Demonstrations
March 22-25, 2006
Albuquerque, New Mexico

Demonstrations: Description

Davis Museumcast Tour

Jim Olson, Davis Museum and Cultural Center, USA
http://www.davismuseum.wellesley.edu

The Davis Museumcast Tour is our most recent technology initiative aimed at creating an educational and entertaining user experience. Dabney Hailey, Linda Wyatt Gruber '66 Curator of Collections and Photography and Lenka Kiss, '05 engage the visitor in an informal conversation that explores eight collections objects within the context of the entire museum collection. The tour is available at the Davis Museum website for download to student owned iPods and other MP3 players and serves the duel purpose of providing an introductory tour for virtual museum visitors that are unable to visit the physical space. There are 5 iPods available in the museum lobby for students and visitors that do not own these devices.

Podcasts will enhance many of the museum's future educational and interpretive programs. For example, last semester visitors could download a group reading of Thirty Six Poems by DuFu with Translations by Kenneth Rexroth while viewing the exhibition Brice Marden: Etchings to Rexroth. Moreover, recordings of lectures, interviews with artists and curators, concerts and other content will be available for download in the future.

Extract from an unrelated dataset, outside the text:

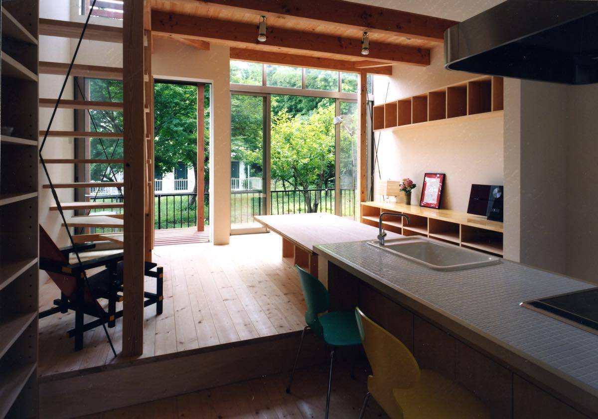 床座で座る人、キッチンに立つ人、カウンターの椅子に座る人、それぞれの目線の高さが近づくことでコミニュケーションの取りやすさに配慮する目的で、それぞれの場所の床レベルには3段階の高さの変化をつけている。 山林側を全開口とし、トップライトやハイサイドライトを設けて暗さや狭さを感じさせないことを目指した。まるで自分の庭のような隣地の山林を借景に、まるで別荘のような居心地を感じる空間が実現できたと思う。

During the Spring 2006 semester, Jim Olson, Coordinator of Technology is working with the students of Marty Brody, Catherine Mills Davis Professor in the Music Department, and Jessica Irish, Assistant Professor in the Art Department to create interpretive soundtracks and dialogues inspired by collections objects.

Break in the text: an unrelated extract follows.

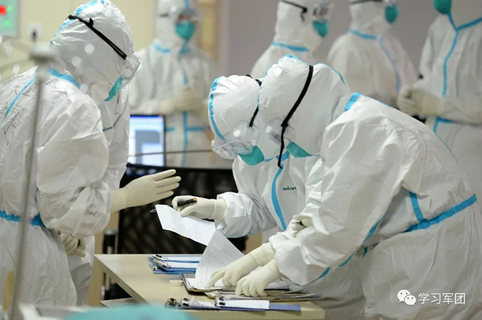 1月27日上午,海軍軍醫(yī)大學(xué)醫(yī)療隊(duì)醫(yī)護(hù)人員在漢口醫(yī)院重癥監(jiān)護(hù)室對(duì)新型冠狀病毒感染的肺炎患者進(jìn)行救治。醫(yī)護(hù)人員認(rèn)真記錄醫(yī)療文書,執(zhí)行醫(yī)囑。解放軍報(bào)記者范顯海攝

The museum will also offer a short guided tour for On the Edge: Contemporary Chinese Artists Encounter the West (in both English and Chinese) and an informal interview with Xu Bing, our featured lobby installation artist, and Curator of Contemporary Art, Anja Chavez.

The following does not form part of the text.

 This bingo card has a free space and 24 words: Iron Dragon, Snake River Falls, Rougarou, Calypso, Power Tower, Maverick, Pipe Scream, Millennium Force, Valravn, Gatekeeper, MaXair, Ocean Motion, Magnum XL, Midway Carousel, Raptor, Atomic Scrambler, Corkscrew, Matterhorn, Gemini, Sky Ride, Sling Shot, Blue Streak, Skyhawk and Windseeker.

The project will be expanded to include content created by other Wellesley students to create more tours and interactions. Students from all departments will be invited to develop tours: musically inclined students can create sound tracks for works in the collection or galleries; art history and studio students can share their research and interpretations; and students interested in writing can create short stories or poetry inspired by collections objects. This student generated content will then be uploaded to the museum website and other visitors will be able to download the files to their iPod or MP3 device for use during a museum visit. These podcast recordings will provide both the content creators and the end users with more active, educational, and entertaining museum experiences. The project not only provides a venue for student generated creative output, it also gives the students a sense of ownership — a feeling that this really is their museum and that their opinion counts.